While the ESG ‘expectation gap’ between LPs and GPs is gradually narrowing, better reporting can accelerate dialogue, said panellists at PEI’s Responsible Investment Forum this week

Standardised reporting is a perennial issue in private equity. Over the years, industry groups have issued various reporting templates and worked towards ‘convergence’ of international accounting standards. 

It’s not just discrepancies between GP’s different valuation methods or capital call forms that can be problematic for LPs – how different fund managers measure and manage their environmental, social and governance (ESG) practices has also become a big talking point, according to panellists at PEI’s Responsible Investment Forum in London this week. 

Marta Jankovic, senior sustainability and governance specialist at APG Asset Management, and Edward Norton, senior ESG advisor at TPG Capital, noted that more discussion between stakeholders was needed to decide on the appropriate scope and purpose of a common ESG reporting template. 

“The question needs a lot more interaction and dialogue between LPs, asset managers and GPs. We need a clear understanding of why we’re doing it, what we report on, who will do it, and how it will be used,” said Norton. 

The reason we’re pursuing ESG is to be able to make better investments, find opportunities, assess risks, hire better people… We never did this because we needed to report to LPs,

Edward Norton

Standardised reporting would make this dialogue more practical, suggested Lorenzo Saà, head of reporting and assessment at the UN’s Principles for Responsible Investment. “It provides LPs and GPs with a management tool, and sets a common understanding of the area that should be overseen. It allows both parties to make sure they speak a common language.”

He noted the PRI was seeking to answer these issues; in March it released an ESG disclosure framework, which followed on from reporting framework released last year. 

Norton cautioned that the technicalities of reporting shouldn’t make GPs and LPs lose track of why they were monitoring or improving their ESG framework in the first place. “The reason we’re pursuing ESG is to be able to make better investments, find opportunities, assess risks, hire better people. We do what we do because we want to be on the right side of history. We never did this because we needed to report to LPs,” he said. 

He argued that reporting on ESG, rather, should be a natural component of the long-term relationship between LPs and GPs. As such, he thought disclosure shouldn’t be limited to what aspects of ESG prove financially material to a particular investment, but should seek to provide an honest picture of portfolio companies to LPs. 
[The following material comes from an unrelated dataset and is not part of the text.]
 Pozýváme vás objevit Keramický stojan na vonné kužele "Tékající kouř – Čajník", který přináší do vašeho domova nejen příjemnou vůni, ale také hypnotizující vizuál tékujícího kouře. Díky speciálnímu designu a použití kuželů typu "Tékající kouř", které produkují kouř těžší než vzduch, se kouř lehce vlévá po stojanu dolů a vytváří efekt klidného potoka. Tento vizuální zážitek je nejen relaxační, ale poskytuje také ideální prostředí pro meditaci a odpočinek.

Jankovic noted LPs increasingly wanted to spend time looking at GP’s investments through an ESG prism and see how monitoring works on the ground. And that they weren’t simply interested in this information on a one-off basis. “Reporting is something to consider throughout the life of an investment. It allows us to see if this investment is a healthy one.”
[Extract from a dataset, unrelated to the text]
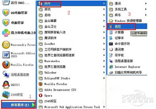 步骤2、然后按下Print键,点击开始,然后找到所有程序,点击附件,然后点击画图,然后CTRL+V一下(前提是你确保自己按下了Print键,否则可能什么也不会有),神奇的事情是不是出现了,刚才截图的画面出现在了画图板上。

She added, however, that LPs’ understanding and demands in terms of ESG reporting varied significantly between geographies – and GPs can help raise their awareness. “There will always be LPs who don’t care about ESG. But there are some who will embrace it with time – just at a different stage,” she said. “GPs who are communicating about ESG, in some ways, are also educating their LPs who would otherwise not think to ask about this type of information.”